1. Use su - to become root.


2. Add a new user of your choosing to the system. Set their password. Check that
they can log in.
3. Add a new user group of your choosing to the system. Place yourself (i.e. your
login, not root), and the user that you have added in the group. Check that you
are both in the new group.
4. Remove the user that you added.
5. Make yourself a cron job that sends you a message (using write) every 10
minutes. Remove this when you start to find it irritating.
6. Discover how to restart the web server httpd (or any other system daemon).
7. tinyhttpd.pl is a mini-web server written in Perl. Switch back to being a
normal user, and make a copy of tinyhttpd.pl in your home directory.
Change the port number on which it operates to a port of your choice (currently
8080, but use a different one that noone else will be using).
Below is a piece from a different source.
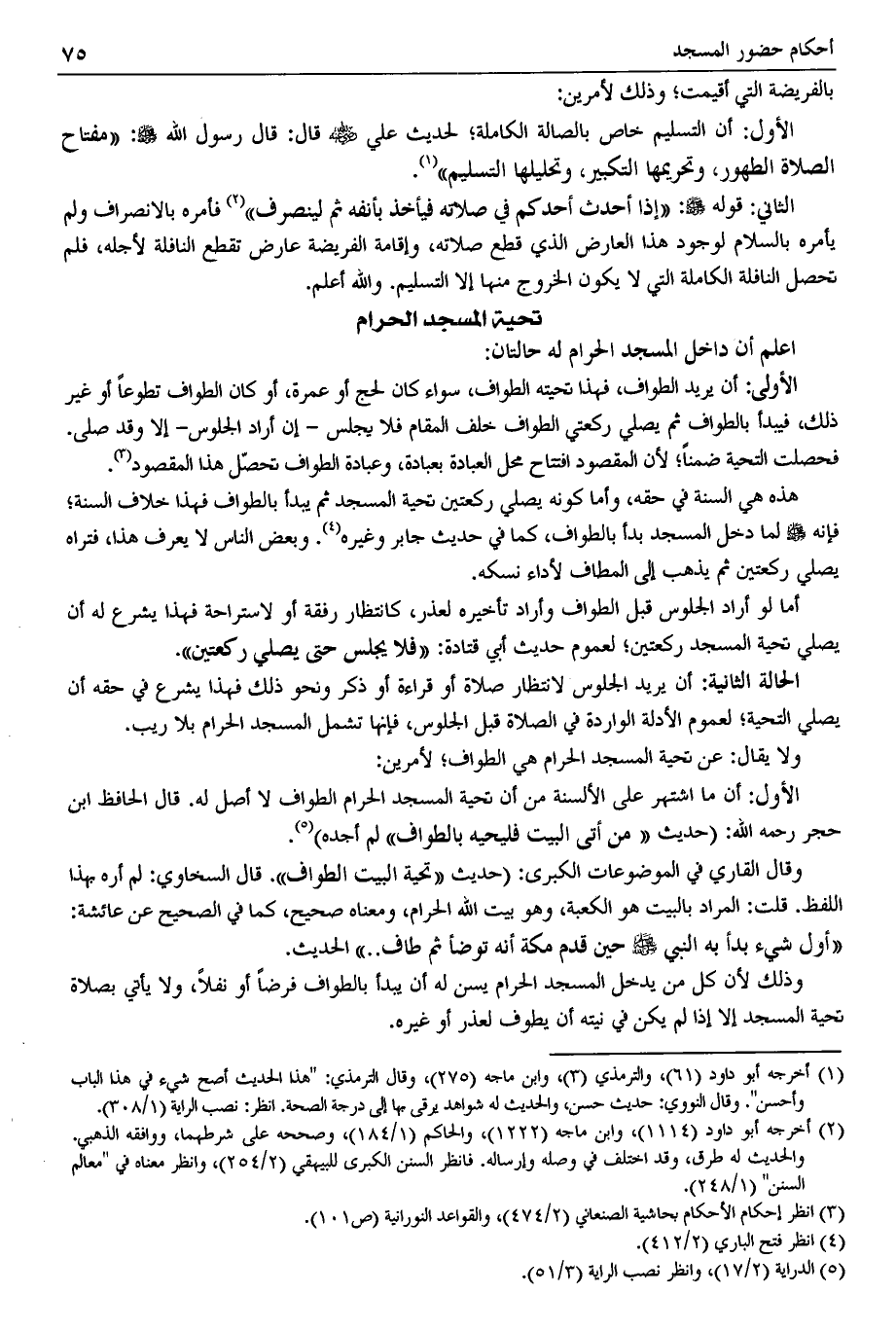 الأول: أن ما اشتهر على الألسنة من أن تحية المسجد الحرام الطواف لا أصل له. قال الحافظ ابن حجر رحمه الله: (حديث "من أتى البيت فليحيه بالطواف" لم أجده) (¬5).

Create a
public_html directory in your home directory and create a home page file
inside it called "index.html". Now run tinyhttpd.pl in the background and
use telnet (telnet machine port, where machine is the hostname and port
is the port number, and then issue the HTTP command GET / HTTP/1.0
) or a web browser (call up http://machine:port) to test that your home
page file is in fact being served.
8. Switch back to being root. Add a line to /etc/inittab which will ensure that
your mini web-server will respawn itself if it dies. Kill your web server (using
kill) and see if the respawning works (init re-examines the /etc/inittab
file whenever one of its descendant processes dies so you should not have long
to wait for this to take effect). It may be helpful to monitor the system messages
file with tail -f /var/log/messages.